══ Data block ══
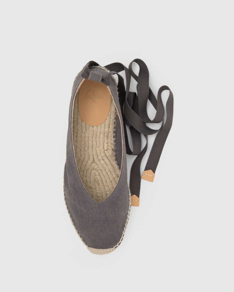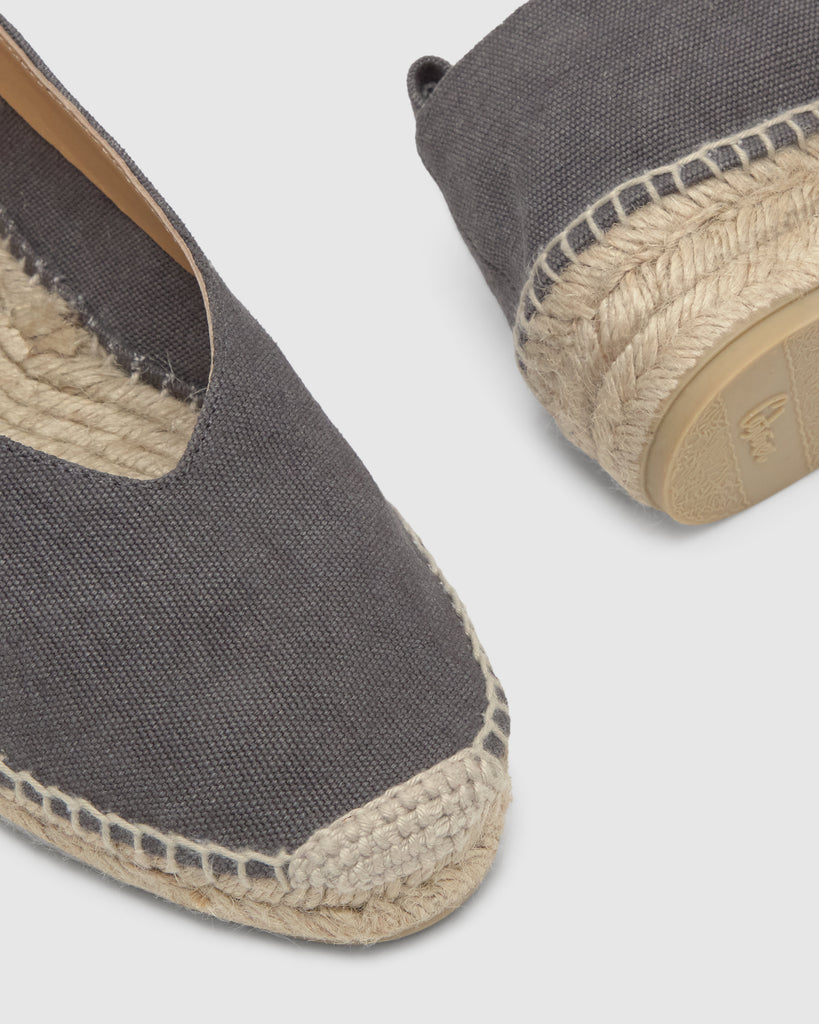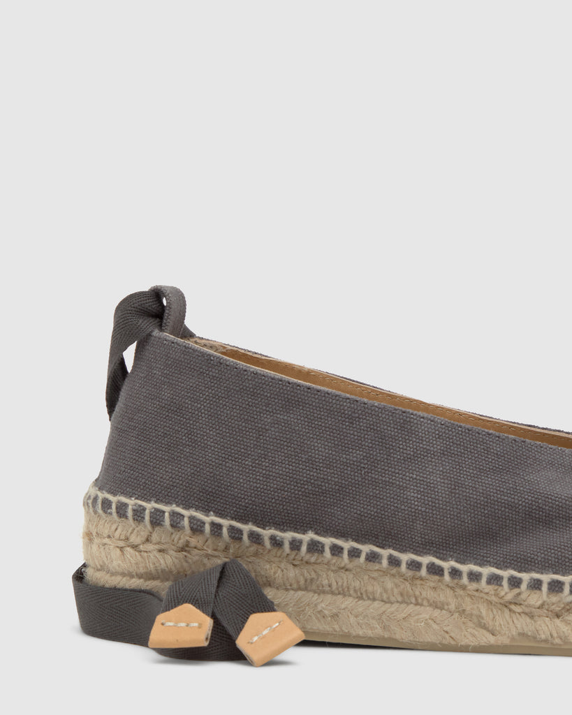 Alpargata plana Gea en algodón orgánico lavado con cierre de cintas extraíbles y mini cuña de yute de 4cm.
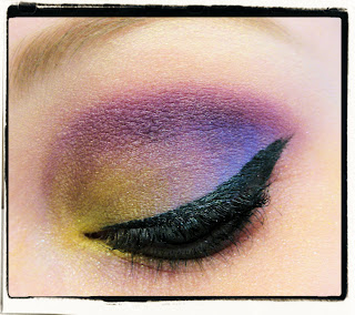 Die Farben waren wahnsinnig schwer zu verblenden, auch war das Gelb nicht so stark pigmentiert, wodurch es durchsichtig erscheint und schlecht verblendet aussieht. Habe es teilweise auftupfen müssen. Den Lidstrich habe ich hier recht stark gemacht, hat etwas von 80er Jahre.
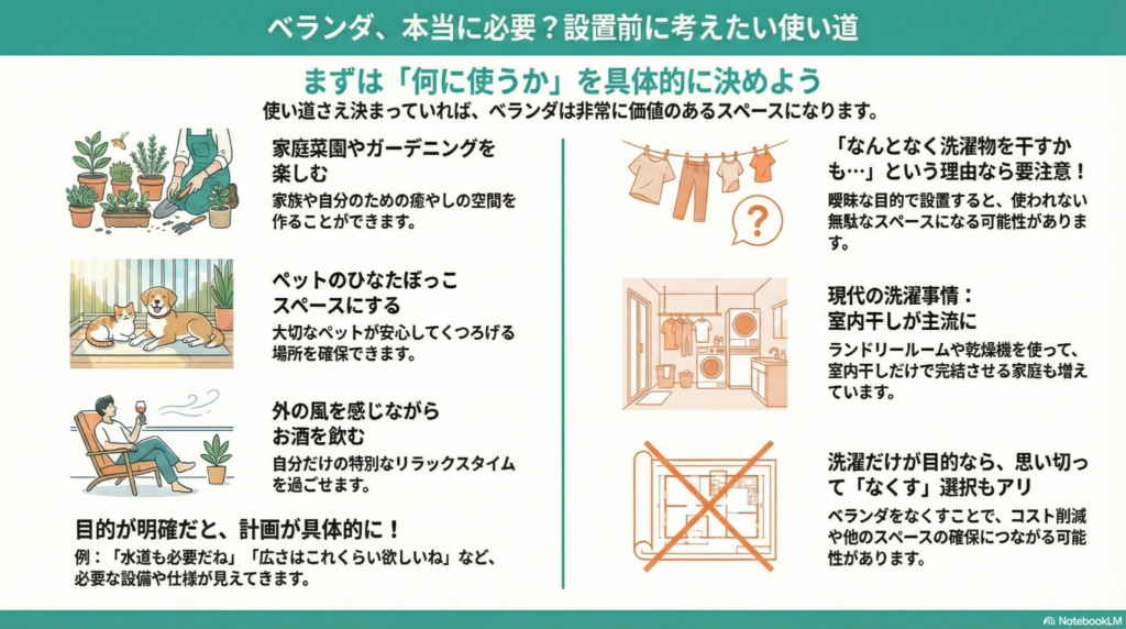 ベランダの使用目的がはっきりすれば、水道の設置や広さの目安など、計画が具体的になります。
═══
-- Work instruction --
What is needed is an exact repetition of every line from the line with "Die Farben waren" to the end of the data above, both ends included, with no pictures.

-- Expected output --
 Die Farben waren wahnsinnig schwer zu verblenden, auch war das Gelb nicht so stark pigmentiert, wodurch es durchsichtig erscheint und schlecht verblendet aussieht. Habe es teilweise auftupfen müssen. Den Lidstrich habe ich hier recht stark gemacht, hat etwas von 80er Jahre.
 ベランダの使用目的がはっきりすれば、水道の設置や広さの目安など、計画が具体的になります。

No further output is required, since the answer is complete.